Meer dan 3.000 dierenartsen vanuit 74 landen wereldwijd kwamen in september vorig jaar naar Madrid om het World Buiatrics Congress te volgen. Met buatrics (buiatrie) wordt bedoeld: de geneeskunde, chirurgie en theriogenologie (voortplanting) voor rundvee inclusief preventie en/of management. Buiatrie bestrijkt dus een breed gebied van wetenschappelijk onderzoek (toegepaste pathofysiologie, microbiologie, parasitologie, toxicologie, laboratoriumtechnieken et cetera) en praktijkervaringen (individuele dierverzorging en gezondheidsprogramma’s voor melk- en vleesvee en herkauwers die niet tot de landbouwhuisdieren behoren (Bovinae)).

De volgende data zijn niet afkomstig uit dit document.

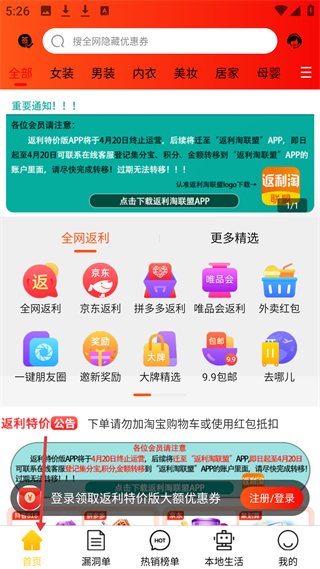 2、首頁板塊,有搜優惠券功能,展示全網返利等入口,呈現返利公告,方便用戶查找優惠返利渠道。

Tijdens het WBC dat dit jaar in Madrid plaatsvond, kwamen 3.000 dierenartsen uit de hele wereld samen om onderzoeksresultaten over de gebieden diagnostiek, zoönosen en financiën van productieziekten in melkveekoppels te bediscussiëren. Elite doet verslag van de belangrijkste behandelde thema’s.

Soortenveelheid maakt het verschil
GD-directeur en Wageningen-professor Ynte Schukken opende het congres. Met zijn team slaagde hij erin om met behulp van speciale diagnostiek (16S sequencing) aan te tonen dat melkmonsters van koeien, die lange tijd een laag celgetal hadden en waarbij geen ziekteverwekker werd aangetoond, over een zeer divers microbioom beschikten.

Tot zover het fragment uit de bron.